Smart Choices look an awful lot like multinational corporations

September 5, 2009
by Steph Lawrence

Smart Choices?I often come across food policy related articles, and sometimes am organized enough to post about them. This one just confused me off the bat so I thought I’d share it with you all. Yesterday’s New York Times had an article aptly and ironically titled, For Your Health, Froot Loops, which outlines a new program called “Smart Choices”, a food-labeling campaign “designed to help shoppers easily identify smarter food and beverage choices”.

Despite my love of good food and my commitment to sustainable agriculture practices, I confess to have been raised on Count Chocula and Instant Breakfast, two entirely un-wholesome products that in my mind were the most delicious things any breakfast pantry could offer. I am not opposed to processed foods on principal, and I realize that children’s rallying cries in the aisles of the supermarket can be a powerful force. I simply oppose adding healthy check marks to those foods to make it even easier for children and their parents to justify eating them.

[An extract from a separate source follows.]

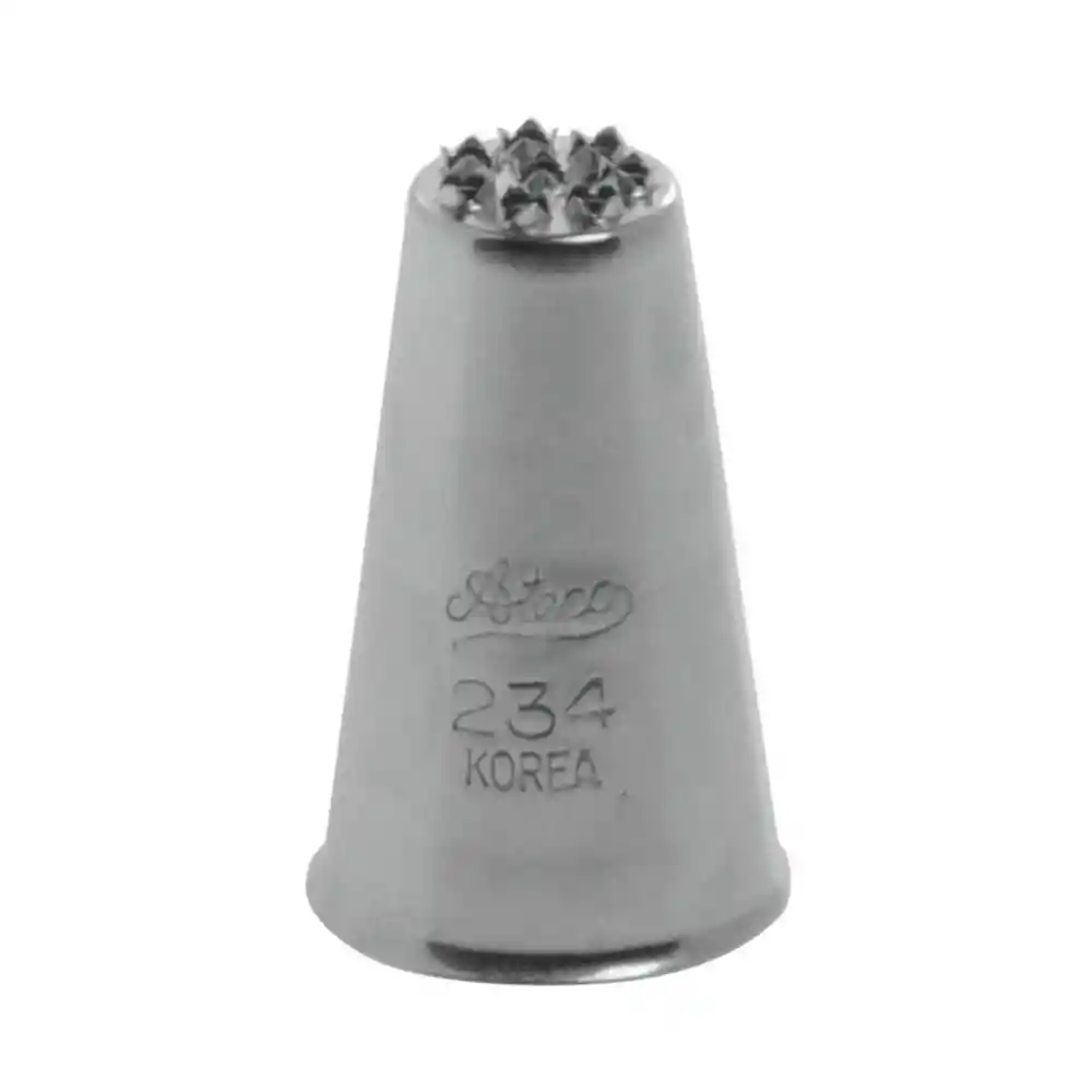 Boquilla Ateco con Puntas de apertura múltiple para formar cuerdas, lasos, pelo y pasto en tortas novedosas, ideal para decorar tus tortas, cupcakes, pasteles, galletas y brownies. Puede ser utilizado con un acoplador estándar. Fabricadas en una sola pieza en acero inoxidable. Apto para lavavajillas Medidas Base 2.5 cm Apertura 1.5 cm

While I understand the principal of making healthy food shopping easier for busy, working parents, Smart Choices seems to completely defeat the purpose. Instead of making it easier to choose healthy, whole grain and unprocessed foods, they instead cater to companies with enough money to buy in to the program, slapping healthy check marks on such companies’ products and increasing sales in the very companies whose products are the most processed. A quick product search on the Smart Choices wesbite tells me that if I’m looking for a healthy choice in the “seed, nut and nut butter” category, Peter Pan and Skippy offer the best options. For cereal you can try Cocoa Krispies and Lucky Charms. I went through every item recommended on the Smart Choices site and found they were all products of only sixteen companies, including Kraft, General Mills, Unilever and Conagra. The NYTimes article reports that companies must pay Smart Choices to bear its label — up to $100,000 a year based on amount of sales. It’s no wonder our “healthiest” food choices seem to come from the wealthiest companies on the market.

Marion Nestle, the noted food politician at NYU, has recently blogged about the Smart Choices program, and then re-blogged on the same topic after criticism from a Senior Vice President at Kellogg. Although NYTimes reporter William Neuman manages to find nutritionists who support the Smart Choices program, Nestle (in my mind one of the most reputable and sought after nutritionists in the field) writes, “I am not one of them”.